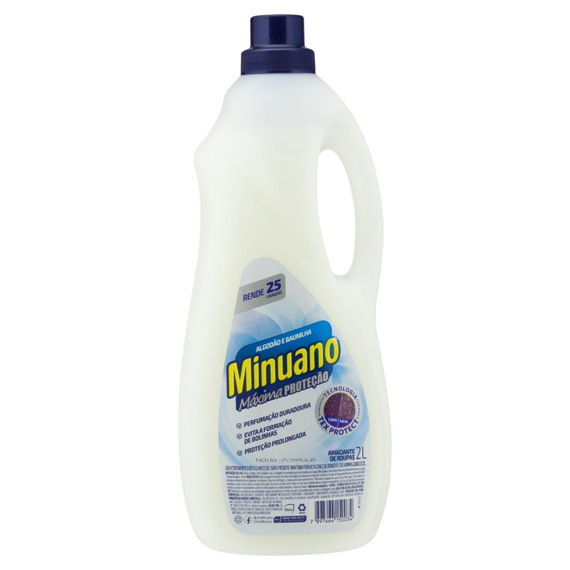 Praticidade e economia em tamanho família Com 2 litros de produto, o amaciante Minuano oferece uma quantidade generosa que atende às necessidades de lavagens frequentes. Ele proporciona a praticidade necessária para uma rotina de cuidados com as roupas, permitindo que você aproveite ao máximo cada ciclo de lavagem. A embalagem é pensada para facilitar o uso, garantindo que o produto possa ser dosado de forma eficiente.
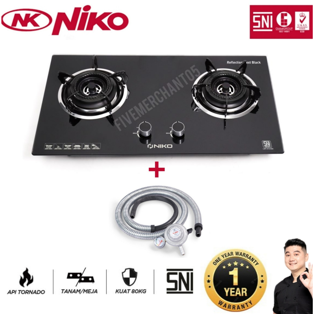 Kompor Tanam Niko REFLECTION NEXT BLACK 2 Tungku Built in Hob Gas Stove Api Tornado Tempered Glass Kaca
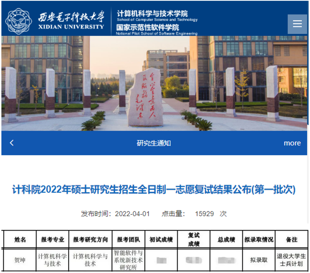 2021年12月,贺坤参加全国硕士研究生考试退役大学生专项计划,顺利通过初试和复试,被今年会官方网站拟录取。
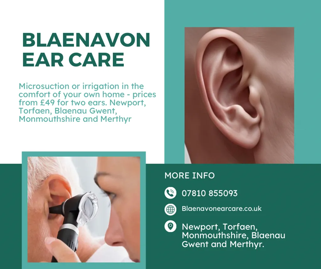 Blaenavon Ear Care are here to make life easier. Ear wax removal without the need for you to leave your house! DBS checked. Most of South Wales Covered. Prices start at £49 for both ears. Microsuction £59. Ear checks (if no wax is found) for just £20 giving you peace of mind.
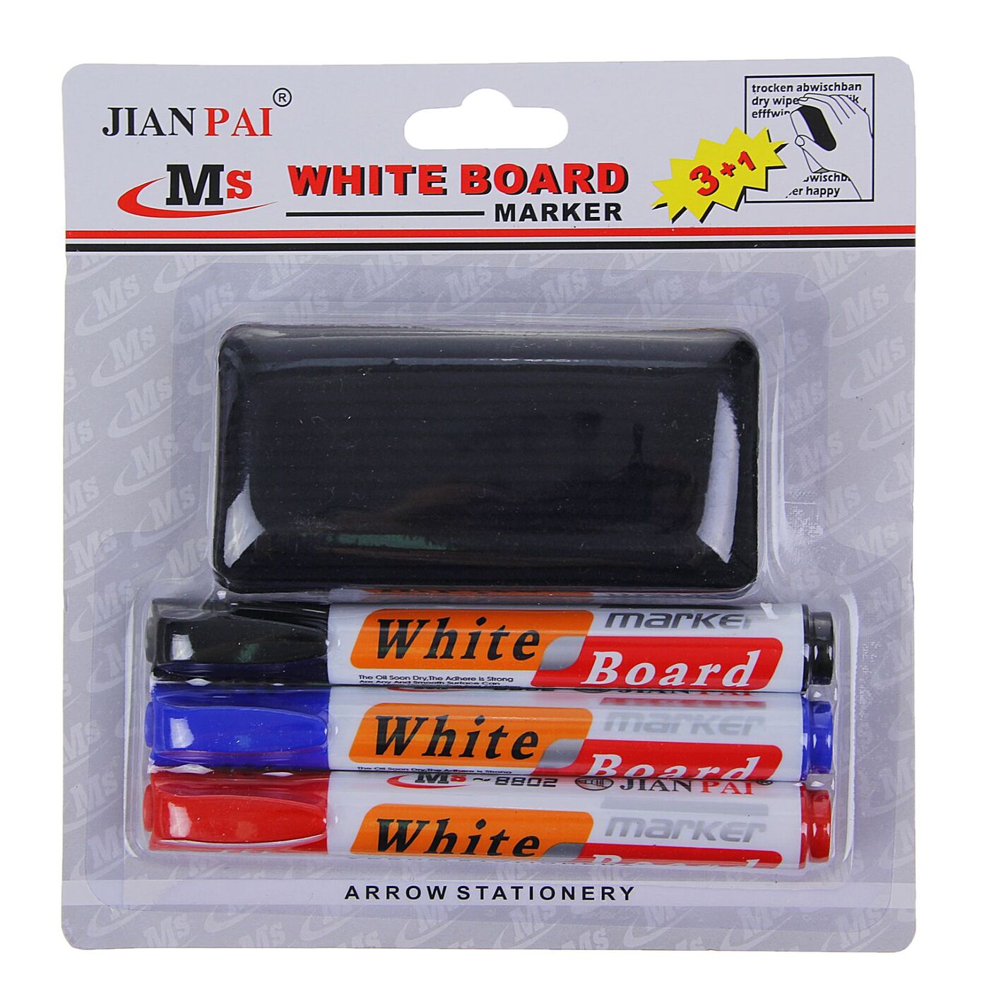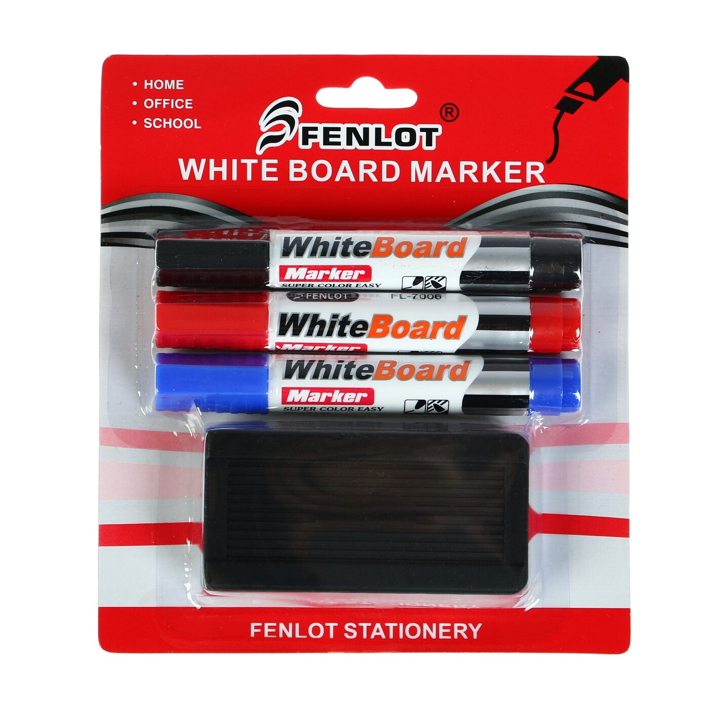Набор маркеров для доски, 3 цвета, 3 мм, с губкой, на блистере
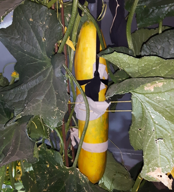 My giant cucumber on plant #2. The one on plant #1 looks about the same. I will be picking them on Monday, weighing them and then taking the heavier one to the IPE fair in Armstrong where I'm registered in the heaviest cucumber category. They will be displayed there for a week afterwards.
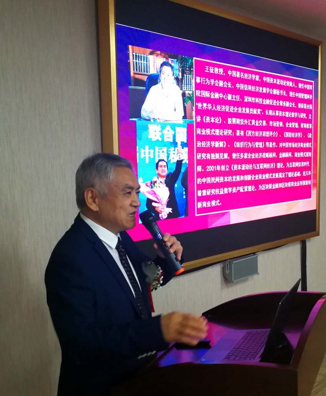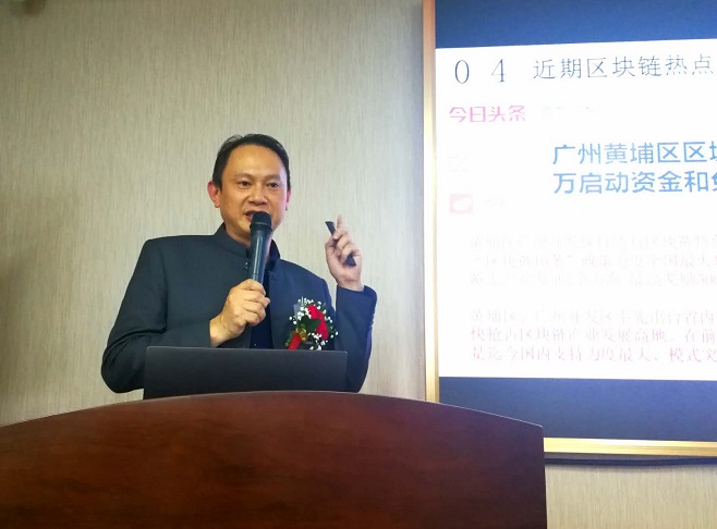 图为香港尚亚交易所董事长张利分析中国区块链研发与应用市场
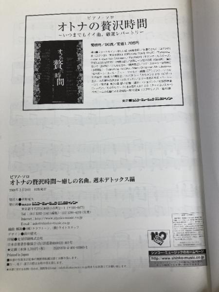 ピアノソロ オトナの贅沢時間~癒しの名曲。週末デトックス編 (ピアノ・ソロ) シンコーミュージック クラフトーン
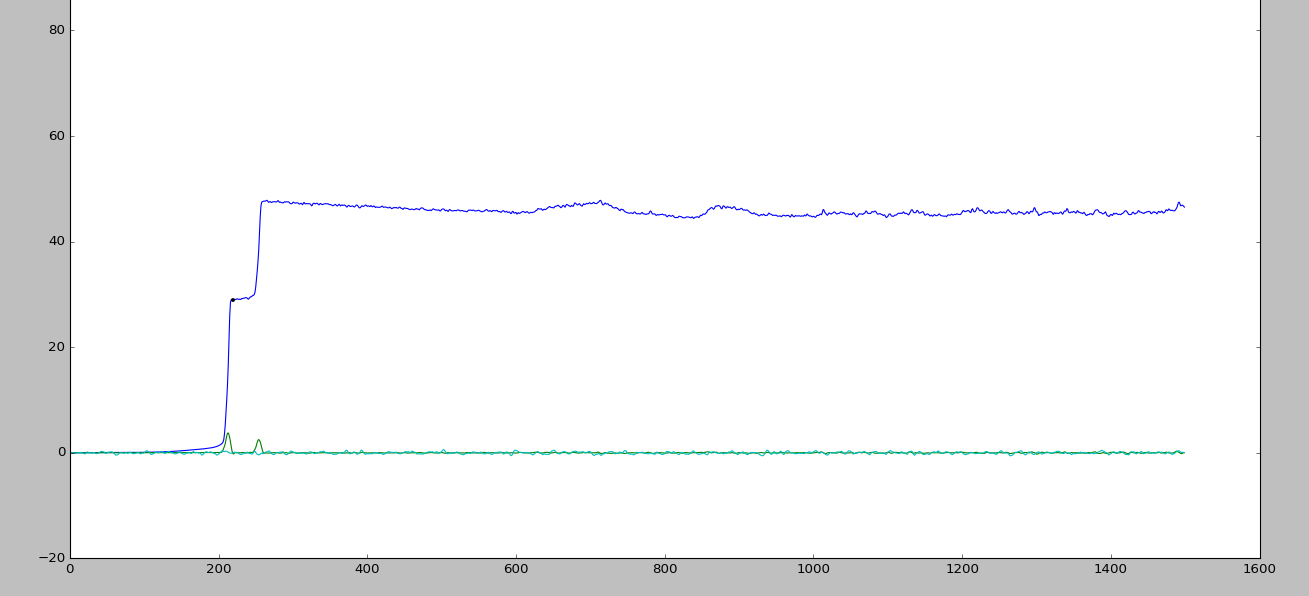 然后你可以检测到A,B和C点。它们的特点是重要和突然的变化(如此梯度)。我首先使用中值滤波器来对你的信号进行去噪,然后计算信号梯度。A,B和C将是最大梯度的三个点。
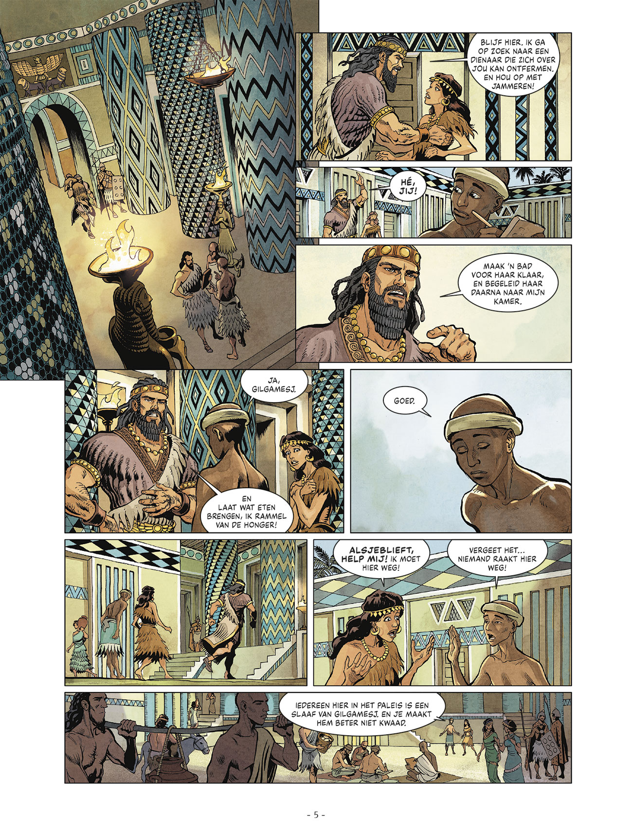 Een nieuwe trilogie in de collectie “De wijsheid van mythes” Met Gilgamesj gaan we nog wat verder terug in de tijd, naar een van de eerste echte heldendichten Clotilde Bruneau weet met haar scenario’s telkens de kern van de mythe te raken– met uitgebreid dossier over de betekenis van de mythe In het oude Mesopotamië regeert de machtige koning Gilgamesj als een tiran over de stad Uruk. Zijn onderdanen worden gek van zijn gewelddadige en hoog moedige gedrag en zij smeken om goddelijke genade. De goden besluiten daarop een alter ego te scheppen voor de koning, in de gedaante van Enkidoe, die op alle punten op Gilgamesj lijkt. Hij is de enige die met hem kan wedijveren wat kracht en moed betreft. Terwijl hij leert een beschaafd man te worden , ontdekt Enkidoe wat voor wandaden zijn dubbelganger pleegt. Een confrontatie lijkt onafwendbaar...
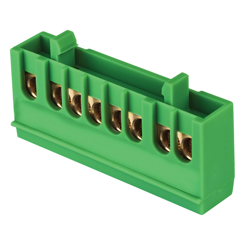 Шина "0" PE (6х9мм) 8 отверстий латунь зеленый изолированный корпус на DIN-рейку розничный стикер EK

- _What the exercise asks_
Starting at the line above that holds "Blaenavon Ear Care", return each line up to and including the one that holds "Набор маркеров для", exactly as written, minus any pictures.

- _Result of the task_
 Blaenavon Ear Care are here to make life easier. Ear wax removal without the need for you to leave your house! DBS checked. Most of South Wales Covered. Prices start at £49 for both ears. Microsuction £59. Ear checks (if no wax is found) for just £20 giving you peace of mind.
Набор маркеров для доски, 3 цвета, 3 мм, с губкой, на блистере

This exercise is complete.